Category 1 (irreversible effects on the eye) based on GHS criteria

Conclusions:

It can be concluded that 3 -Methylpyrazole possesses very severe eye irritation potential.

Executive summary:

This in vitro study was performed to assess the corneal irritation and damage potential of 3-Methylpyrazolby quantitative measurements of changes in opacity and permeability in a bovine cornea.

The test item 3-Methylpyrazolwas brought onto the cornea of a bovine eye which previously had been incubated with cMEM without Phenol red at 32±1°C for one hour and whose opacity had been determined. The test item was incubated on the cornea for 10 minutes at 32±1°C. After removal of the test item and two hours post-incubation, opacity and permeability values were measured.

Physiological sodium chloride solution was used as negative control, sodium hydroxide (10% solution in demineralised water) was used as positive control.

The positive control induced a very severe irritation on the cornea, mean IVIS was 215.7930.

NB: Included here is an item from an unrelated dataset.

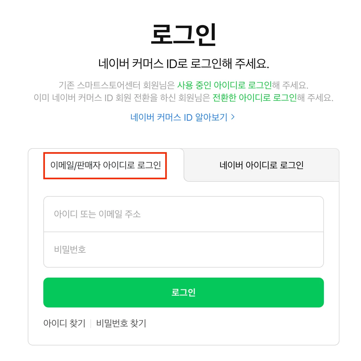 3.판매자 계정(ID) 관리 에서 회원상태/판매승인상태가 정상+승인완료 이어야 합니다.
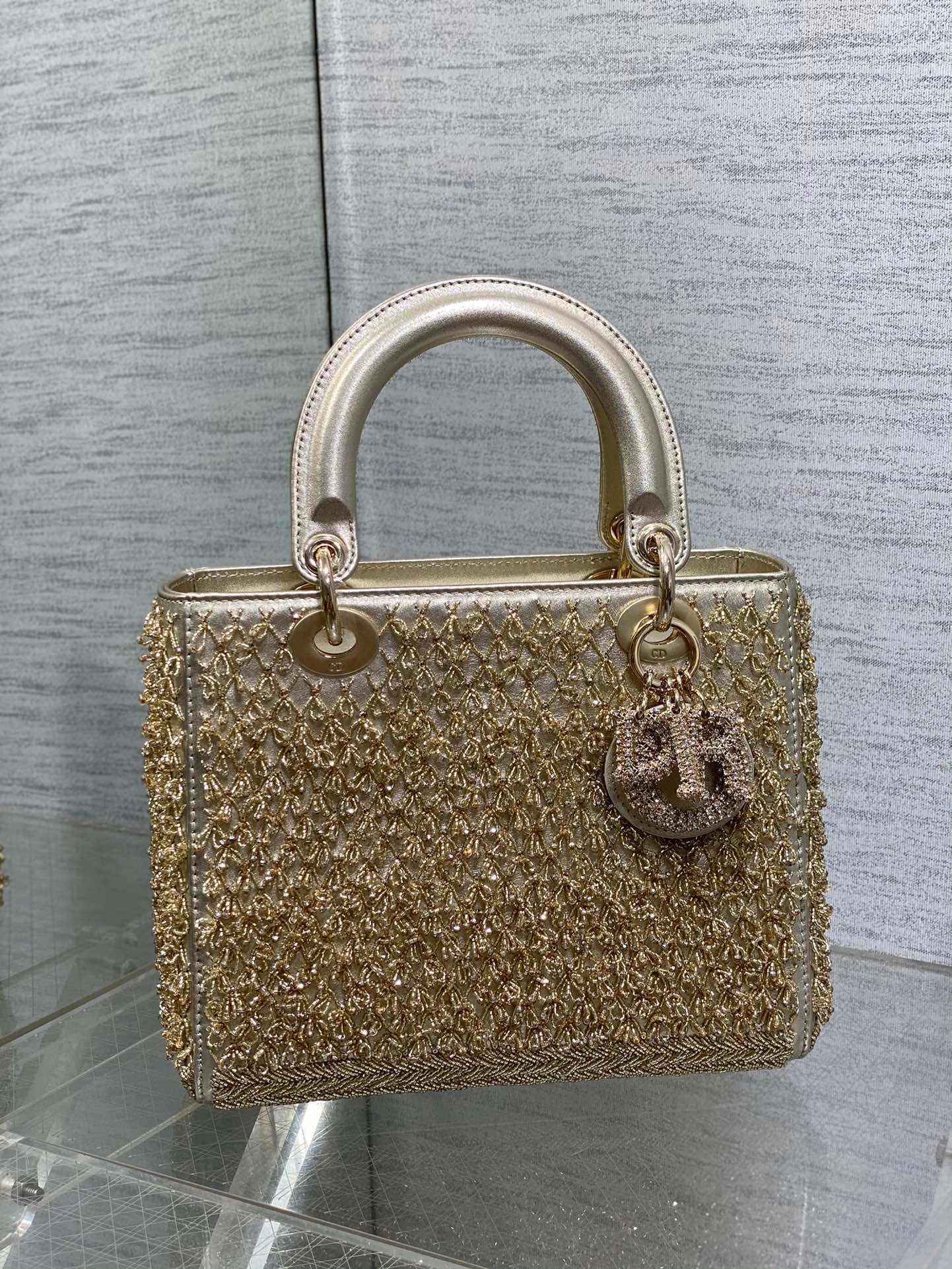 Lady Limited Edition Five Grid Beaded Crystal Pendant Embroidered Style, the Most Elegant and Noble Daifei Bag 💋 Size:24cm quantity

The negative control showed no irritation, mean IVIS was -0.2160.

The test item was tested pure. A mean IVIS of 85.7370 was calculated, corresponding to a classification as very severely eye irritant.

No observations were made which might cause doubts concerning the validity of the study outcome. The test is considered valid.

It can be concluded that 3 -Methylpyrazole possesses very severe eye irritation potential.